Там насчитывалось шесть тысяч акров, но Джону было плевать. Он коснулся лица жены, а когда поднял взгляд, глаза его горели.
— Это убийство, Айзек.
— Она говорит, они насиловали ее, били…
— Ты ей веришь?
— Разве это важно?
Когда прибыл доктор, Джон встретил его на лестнице.
— Мне надо знать, можете ли вы спасти ее. — Он потащил доктора наверх и подтолкнул к кровати. — Мне надо знать, будет она жить или умрет.

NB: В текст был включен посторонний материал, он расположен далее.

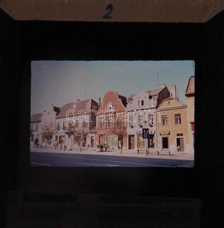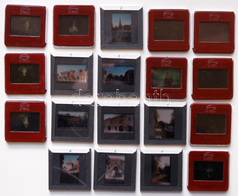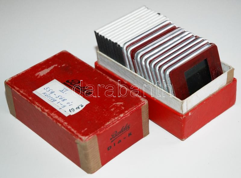 Leírás: cca1940/1981 19db diapozitív régi családi fotókkal, és modern kőszegi városképekkel, eredeti dobozban
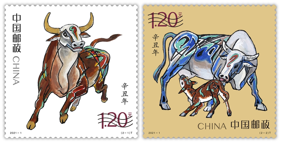 《辛丑年》特種郵票由著名畫家姚鐘華先生創(chuàng)作,延續(xù)了第四輪生肖郵票的“家國”理念。第一枚名為“奮發(fā)圖強”,描繪了雄壯有力、一往無前的奔牛形象。公牛四蹄揚起,昂首向前,目光炯炯,表達出不畏艱險、砥礪前行,為實現(xiàn)中華民族偉大復興而努力奮斗的寓意。第二枚名為“牛年大吉”,通過大牛與小牛舐犢情深的溫馨畫面,向全國人民傳遞家庭興旺和諧、團圓美滿的美好祝愿。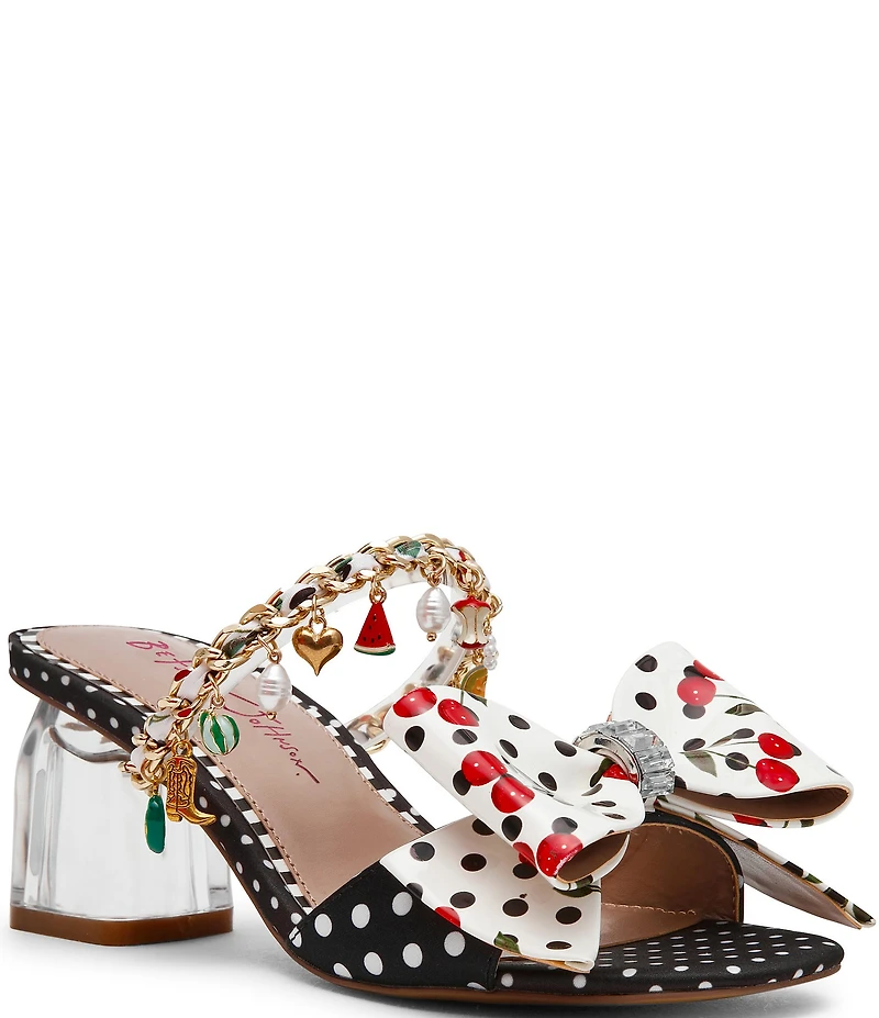 From Betsey Johnson, the Kayleen Polka Dot Print Charm and Bow Embellished Dress Sandals feature: Synthetic upper with bow detail Slip-on styling Synthetic lining Synthetic outsole Approx. 2.75" heel height Imported.

— Успокойтесь, пожалуйста.
— Проклятие, доктор! Скажите мне!
— Очень хорошо. — В голосе доктора слышалось сильное недовольство, но он проверил температуру и пульс, откинул халат и послушал ребенка. Когда же выпрямился, все читалось на его лице. — От такой горячки почти любая уже умерла бы.
— Но?
— Никаких «но». Пульс слабый, дыхание настолько поверхностное, что его почти нет.
— А ребенок?
— Пока жив, хотя, по-моему, это чудо. После моего недавнего визита произошли какие-то изменения?
Джон подумал про девушку, про то, как она коснулась его жены, и та открыла глаза, произнесла его имя.

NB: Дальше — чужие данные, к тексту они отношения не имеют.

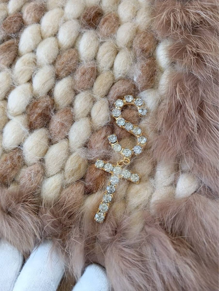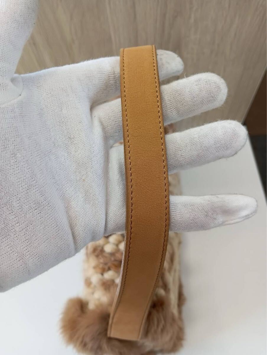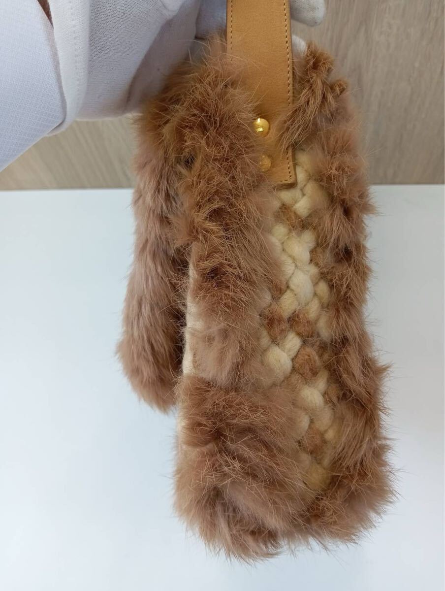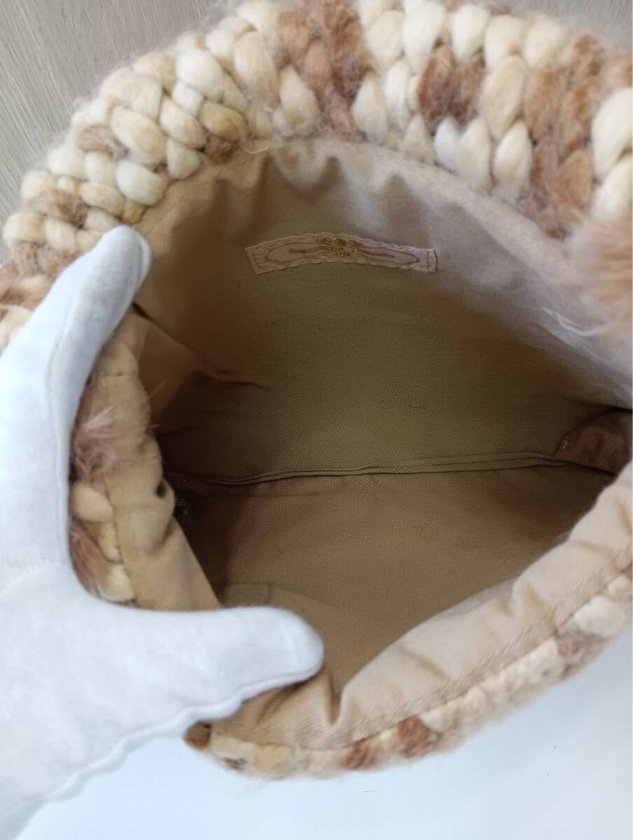 Samantha Thavasaサマンサタバサ ラインストーン付き ショルダーバッグ ラビットファー 茶ブラウン 肩掛け バッグかばん 保存袋付き 現状品

— Нет, — солгал он. — Никаких.
— Я еще могу спасти ребенка…
— Не говорите так!
— Мистер Мерримон. Джон… — Он положил руку на плечо молодого человека. Они не были близки, но девятнадцать лет назад доктор принимал Джона из утробы матери. Он находился возле постели его отца, когда тот испустил дух. — Я призываю вас взглянуть на этот вопрос шире.
— Нет, если это убьет мою жену.
Доктор со вздохом кивнул.
— Могу я, по крайней мере, осмотреть вас?
— Я в порядке.
— Нет, мистер Мерримон. Не в порядке.
Джон знал, что это правда. Он не ел шесть дней. Не спал, не мылся, не отходил от жены.
— Есть хоть какие-то основания надеяться?